[Items listed in a dataset]
*** Block opens ***
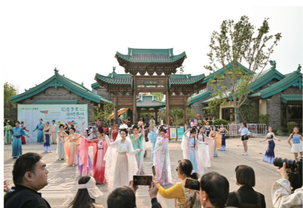
今年“五一”假期，山君水院推出各类沉浸式国风文旅活动。
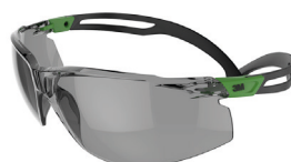
SF530ASP-GRN 7100243989 Lens: IR 3.0 Grijs, AS+ Framekleur: Groen en zwart
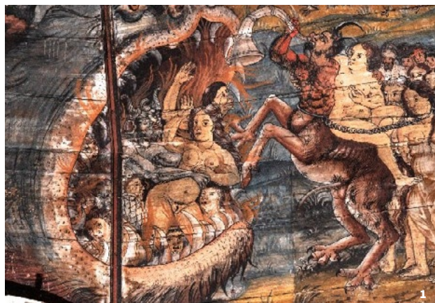
1. Jugement Dernier - Jézeau
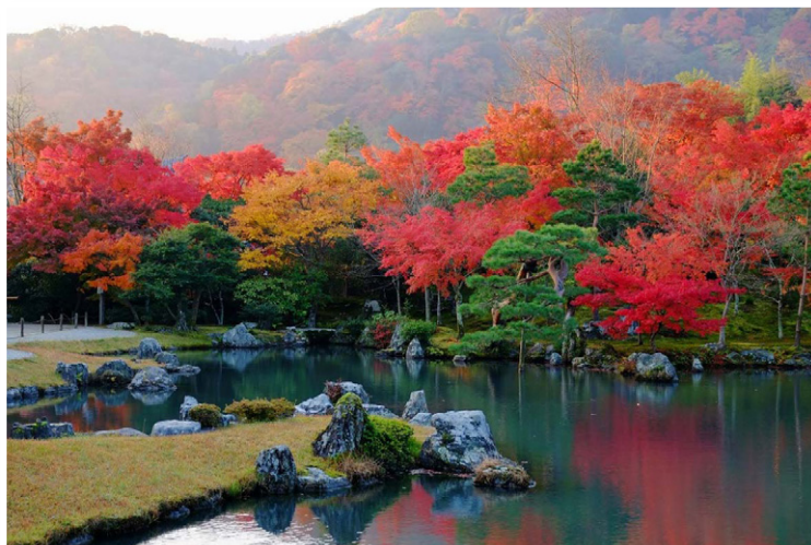
Arashiyama - Ο Zen κήπος του ναού Tenryu-ji
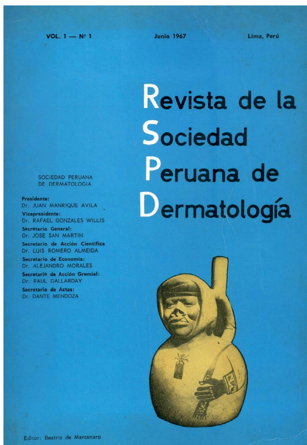
Figura 1. Carátula del histórico primer número.

Este ese tiempo la revista se publica con una periodicidad semestral. Además edita suplementos tales como: Infección VIH-SIDA en el Volumen 8, Suplemento 1 de Diciembre de 1998; Biología Molecular en el volumen 9 Suplemento 1. Diciembre 1999 y Infecciones de transmisión sexual en el volumen 10 Suplemento 1, de Diciembre del 2000.
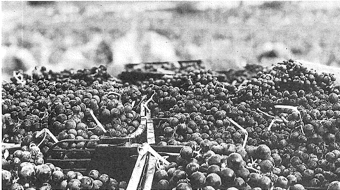
Uvas recién recolectadas en un viñedo de la Rioja Alavesa.
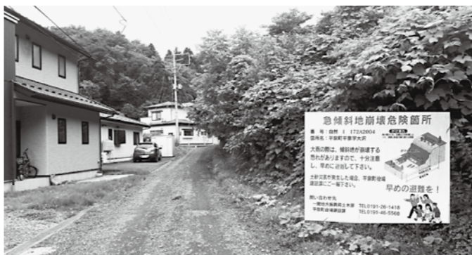
緊急性が高いと提言した未整備路線の一つ（町道ねずみ沢線）

町長 側溝土砂については、国による土壌の処理基準が示されていないことから、一斉清掃で泥上げをしないよう行政区にお願いしている。
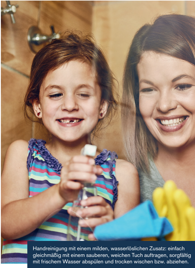
Handreinigung mit einem milden, wasserlöslichen Zusatz: einfach gleichmäßig mit einem sauberen, weichen Tuch auftragen, sorgfältig mit frischem Wasser abspülen und trocken wischen bzw. abziehen.
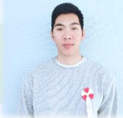
1. ごー まいん ていん (べとなむ / 東浅川) わたし ささ ことば 私を支えた言葉
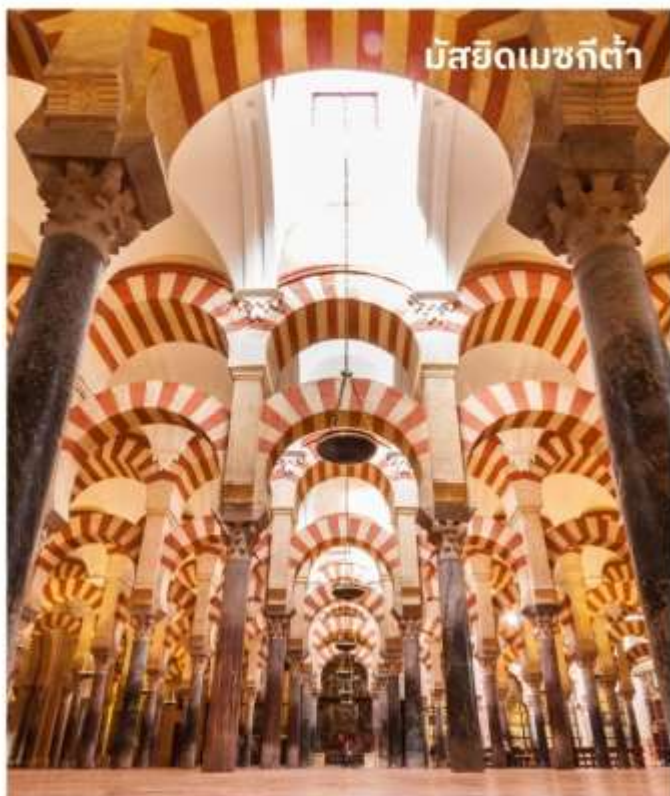
มัสยิดเมซquita

บริการอาหารเช้า ณ ห้องอาหารของโรงแรม หลังจากนั้นนำท่าน เข้าชมมัสยิดเมซquita ที่มีขนาดใหญ่โตและออกแบบอย่างวิจิตรด้วยการใช้เสาหินจำนวนมากถึง 850 ต้น ต่อยอดเสาด้วยโครงสร้างคานโค้งแบบศิลปะโรมัน ผสมกับลวดลายแบบมัวร์ช ประดับด้วยเครื่องกระเบื้องเคลือบ อิฐ และหินฉลุลาย กว้างทั้งอาคาร ด้านในสุดของมัสยิดจะสร้างมีหรับ อันเป็นเครื่องหมายแสดงทิศทางของเมืองเมกกะ ต่อมาเมื่อชาวคริสต์เข้ามายึดครองเมืองคอร์โดบา จึงได้มีการสร้างโบสถ์ขึ้นบริเวณกึ่งกลางของมัสยิด และสร้างหอระฆังสูง 93 เมตร ขึ้นในบริเวณสวนส้มและลานน้ำพุ
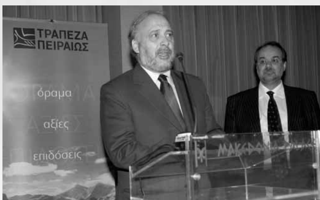
Ο Υπουργός Μακεδονίας Θράκης κ. Γ. Καλαντζής και ο Πρόεδρος του ΣΒΒΕ κ. Γ. Μυλωνάς κατά τη διάρκεια του χαιρετισμού τους

Με μεγάλη επιτυχία πραγματοποιήθηκε, τη Δευτέρα 15 Ιανουαρίου, στο Ξενοδοχείο Μακεδονία Παλλάς, η καθιερωμένη Δεξίωση που παραθέτει κάθε χρόνο ο Σύνδεσμος προς τιμήν των μελών του με την ευκαιρία του νέου έτους. Εκ μέρους του Διοικητικού Συμβουλίου του ΣΒΒΕ ο Πρόεδρος κ. Γ. Μυλωνάς ευχαρίστησε τους επισταμένους για τις ειλικρινείς τους ευχές για τον καινούργιο χρόνο τους Υπουργούς, τους Βουλευτές καθώς και τους εκπροσώπους της Τοπικής Αυτοδιοίκησης, του Προξενικού Σώματος, των Πανεπιστημίων, των Επαγγελματικών, Κοινωνικών και Πολιτιστικών φορέων της Βόρειας Ελλάδας και των Μέσων Μαζικής Ενημέρωσης που τίμησαν με την παρουσία τους στη δεξίωση του Συνδέσμου. Παράλληλα ευχαρίστησε θερμά για την ευγενική χορηγία και υποστήριξη της στη διοργάνωση της δεξίωσης, την ΤΡΑΠΕΖΑ ΠΕΙΡΑΙΩΣ ΑΕ και την AEGEAN AIRLINES ΑΕ. Τα τυχερά μέλη της βραδιάς, τα οποία κέρδισαν αεροπορικά εισιτήρια business class, προσφορά της Aegean Airlines, ήταν οι εταιρείες ΚΡΙ – ΚΡΙ ΑΒΕΕ, ΜΙΧΑΗΛ ΑΡΑΜΠΑΤΖΗΣ ΑΒΕΕ και Κ. ΜΥΛΩΝΑΣ ΑΕΑΠ. ♦
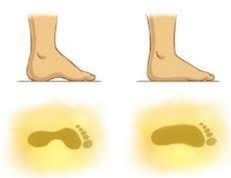
Rysunek 1 Po lewej stopa prawidłowa, po prawej stopa płaska

Prawidłowo ukształtowana stopa nie dotyka podłoża w całości, a opiera się o nie trzema punktami. Dzięki odpowiedniej pracy mięśni i więzadeł, jej kości przyjmują postać łuku, co zapewnia utrzymanie prawidłowej elastyczności podczas chodu. Płaskostopie natomiast ma miejsce wtedy, gdy sklepienia stopy się obniżają powodując, że staje się płaska.
*** Block closes ***
*Assignment:*
When you write out the data, keep every line exact and drop the pictures.

*Reply:*
今年“五一”假期，山君水院推出各类沉浸式国风文旅活动。
SF530ASP-GRN 7100243989 Lens: IR 3.0 Grijs, AS+ Framekleur: Groen en zwart
1. Jugement Dernier - Jézeau
Arashiyama - Ο Zen κήπος του ναού Tenryu-ji
Figura 1. Carátula del histórico primer número.

Este ese tiempo la revista se publica con una periodicidad semestral. Además edita suplementos tales como: Infección VIH-SIDA en el Volumen 8, Suplemento 1 de Diciembre de 1998; Biología Molecular en el volumen 9 Suplemento 1. Diciembre 1999 y Infecciones de transmisión sexual en el volumen 10 Suplemento 1, de Diciembre del 2000.
Uvas recién recolectadas en un viñedo de la Rioja Alavesa.
緊急性が高いと提言した未整備路線の一つ（町道ねずみ沢線）

町長 側溝土砂については、国による土壌の処理基準が示されていないことから、一斉清掃で泥上げをしないよう行政区にお願いしている。
Handreinigung mit einem milden, wasserlöslichen Zusatz: einfach gleichmäßig mit einem sauberen, weichen Tuch auftragen, sorgfältig mit frischem Wasser abspülen und trocken wischen bzw. abziehen.
1. ごー まいん ていん (べとなむ / 東浅川) わたし ささ ことば 私を支えた言葉
มัสยิดเมซquita

บริการอาหารเช้า ณ ห้องอาหารของโรงแรม หลังจากนั้นนำท่าน เข้าชมมัสยิดเมซquita ที่มีขนาดใหญ่โตและออกแบบอย่างวิจิตรด้วยการใช้เสาหินจำนวนมากถึง 850 ต้น ต่อยอดเสาด้วยโครงสร้างคานโค้งแบบศิลปะโรมัน ผสมกับลวดลายแบบมัวร์ช ประดับด้วยเครื่องกระเบื้องเคลือบ อิฐ และหินฉลุลาย กว้างทั้งอาคาร ด้านในสุดของมัสยิดจะสร้างมีหรับ อันเป็นเครื่องหมายแสดงทิศทางของเมืองเมกกะ ต่อมาเมื่อชาวคริสต์เข้ามายึดครองเมืองคอร์โดบา จึงได้มีการสร้างโบสถ์ขึ้นบริเวณกึ่งกลางของมัสยิด และสร้างหอระฆังสูง 93 เมตร ขึ้นในบริเวณสวนส้มและลานน้ำพุ
Ο Υπουργός Μακεδονίας Θράκης κ. Γ. Καλαντζής και ο Πρόεδρος του ΣΒΒΕ κ. Γ. Μυλωνάς κατά τη διάρκεια του χαιρετισμού τους

Με μεγάλη επιτυχία πραγματοποιήθηκε, τη Δευτέρα 15 Ιανουαρίου, στο Ξενοδοχείο Μακεδονία Παλλάς, η καθιερωμένη Δεξίωση που παραθέτει κάθε χρόνο ο Σύνδεσμος προς τιμήν των μελών του με την ευκαιρία του νέου έτους. Εκ μέρους του Διοικητικού Συμβουλίου του ΣΒΒΕ ο Πρόεδρος κ. Γ. Μυλωνάς ευχαρίστησε τους επισταμένους για τις ειλικρινείς τους ευχές για τον καινούργιο χρόνο τους Υπουργούς, τους Βουλευτές καθώς και τους εκπροσώπους της Τοπικής Αυτοδιοίκησης, του Προξενικού Σώματος, των Πανεπιστημίων, των Επαγγελματικών, Κοινωνικών και Πολιτιστικών φορέων της Βόρειας Ελλάδας και των Μέσων Μαζικής Ενημέρωσης που τίμησαν με την παρουσία τους στη δεξίωση του Συνδέσμου. Παράλληλα ευχαρίστησε θερμά για την ευγενική χορηγία και υποστήριξη της στη διοργάνωση της δεξίωσης, την ΤΡΑΠΕΖΑ ΠΕΙΡΑΙΩΣ ΑΕ και την AEGEAN AIRLINES ΑΕ. Τα τυχερά μέλη της βραδιάς, τα οποία κέρδισαν αεροπορικά εισιτήρια business class, προσφορά της Aegean Airlines, ήταν οι εταιρείες ΚΡΙ – ΚΡΙ ΑΒΕΕ, ΜΙΧΑΗΛ ΑΡΑΜΠΑΤΖΗΣ ΑΒΕΕ και Κ. ΜΥΛΩΝΑΣ ΑΕΑΠ. ♦
Rysunek 1 Po lewej stopa prawidłowa, po prawej stopa płaska

Prawidłowo ukształtowana stopa nie dotyka podłoża w całości, a opiera się o nie trzema punktami. Dzięki odpowiedniej pracy mięśni i więzadeł, jej kości przyjmują postać łuku, co zapewnia utrzymanie prawidłowej elastyczności podczas chodu. Płaskostopie natomiast ma miejsce wtedy, gdy sklepienia stopy się obniżają powodując, że staje się płaska.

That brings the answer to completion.